Closed bryce-turner closed 3 years ago
Hi @bryce-turner thanks for reaching out. I am looping @lalexandrov1018 in for responding to this one.
Currently, all mutational signatures on COSMIC (and in SigProfiler tools) have been derived from human cancers or human normal somatic tissues. These human signatures have also been lifted to several other species (mice, rats, etc.) and they can be utilized using SigProfilerExtractor. However, it is important to note that these are NOT mouse mutational signatures but rather human signatures lifted to the mouse genome. For example, signatures SBS2 and SBS13 are commonly attributed to APOBEC3A/B which do not exist in mice. As such, it is highly unlikely to observe signatures SBS2 and SBS13 in mouse genomes. The reference set of mutational signatures can be downloaded from https://cancer.sanger.ac.uk/signatures/downloads/
We do not have a version for dog but you can renormalize the human signatures to the dog genome's trinucleotide frequency. Again, note that these will not be dog signatures but renormalized human signatures. SigProfilerExtractor has a decomposition function which allows passing a reference matrix for decomposition.

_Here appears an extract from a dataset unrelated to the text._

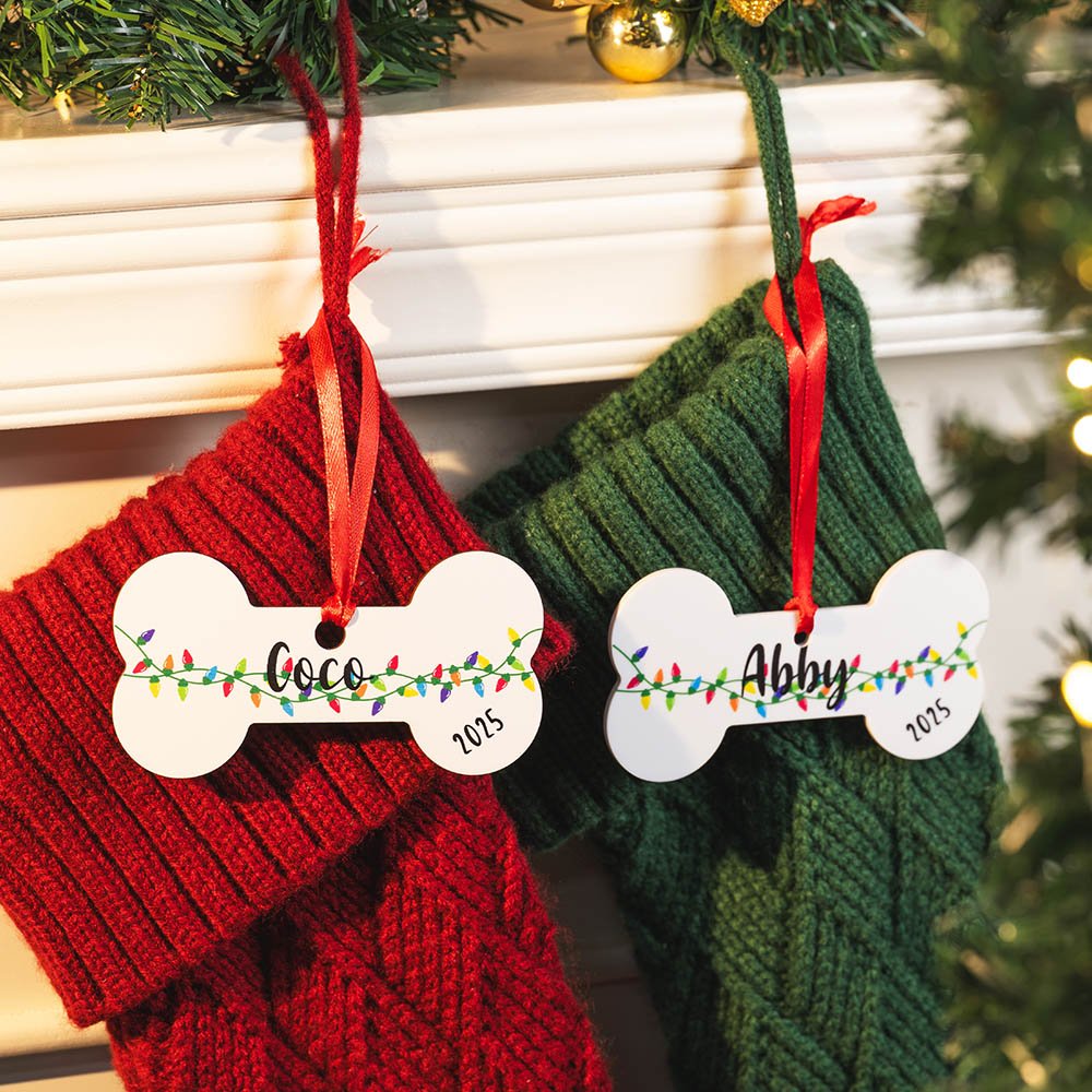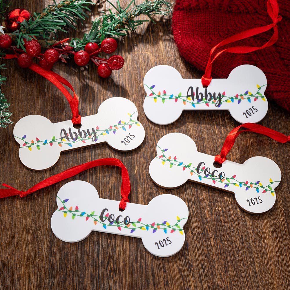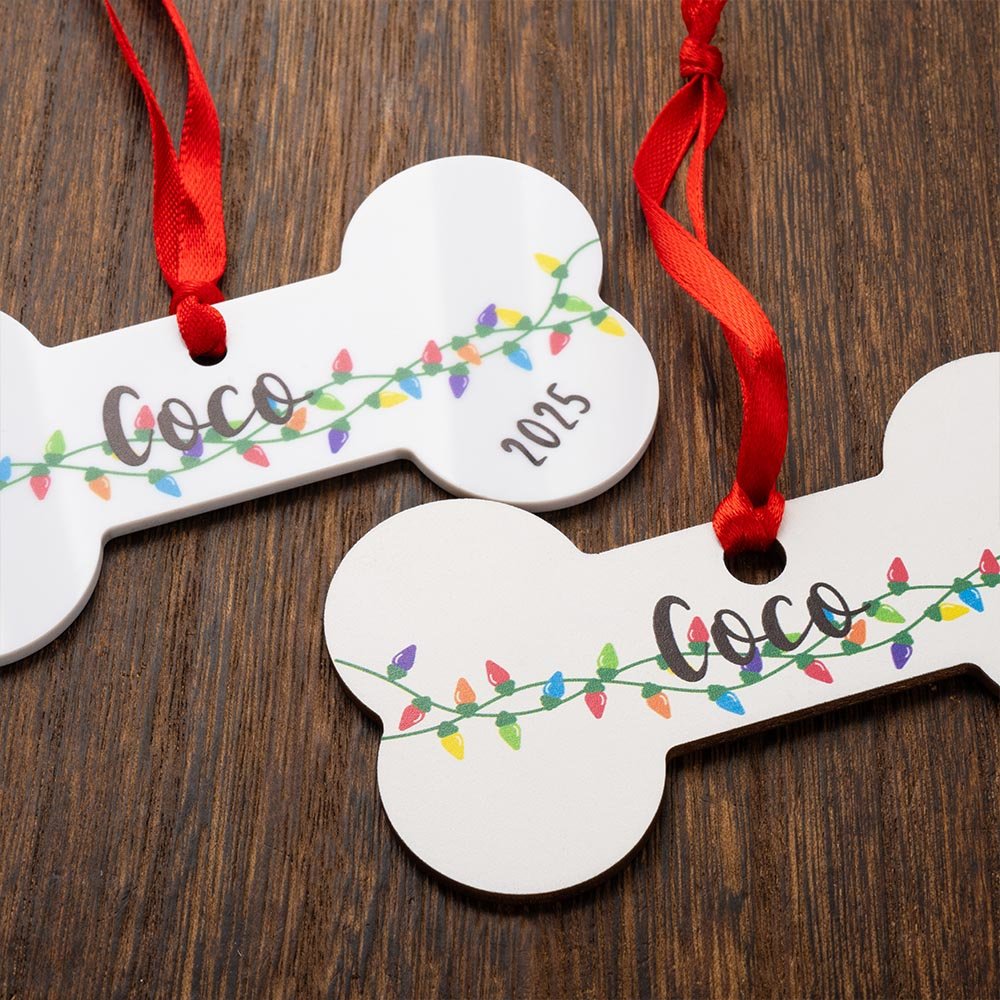 This ornament showcases a cute dog bone adorned with a vibrant light design, customizable with your chosen text and date. Its exquisite craftsmanship beautifully captures the essence of a dog bone, making it a heartfelt gift for your furry friends.

Lastly, your point about the code above being dangerous is well taken. We will work on fixing this in the next release of the tool.
Thank you @lalexandrov1018 for the explanation!
Apologies if this is defined elsewhere already, but how would one go about creating a custom signature database? Or more specifically can we apply the known values from COSMIC to a different species?
For example SigProfilerMatrixGenerator supports dog (CanFam3.1), however downstream tools like SigProfilerExtractor do not fully support this. It looks like the limitation is when we are decomposing the de novo signatures, which is reliant on data files in the install directory. This makes sense based on what is available on COSMIC.
Noting a relevant code block that could be making some dangerous defaults for contexts other than SBS96: https://github.com/AlexandrovLab/SigProfilerExtractor/blob/b33d9d7101302eafb7d44379694979fa3e2fa7c4/SigProfilerExtractor/subroutines.py#L1095-L1140
Since the mutational signature profiles should be more or less the same across species, is there a script or tool for lifting these profiles across different genomes?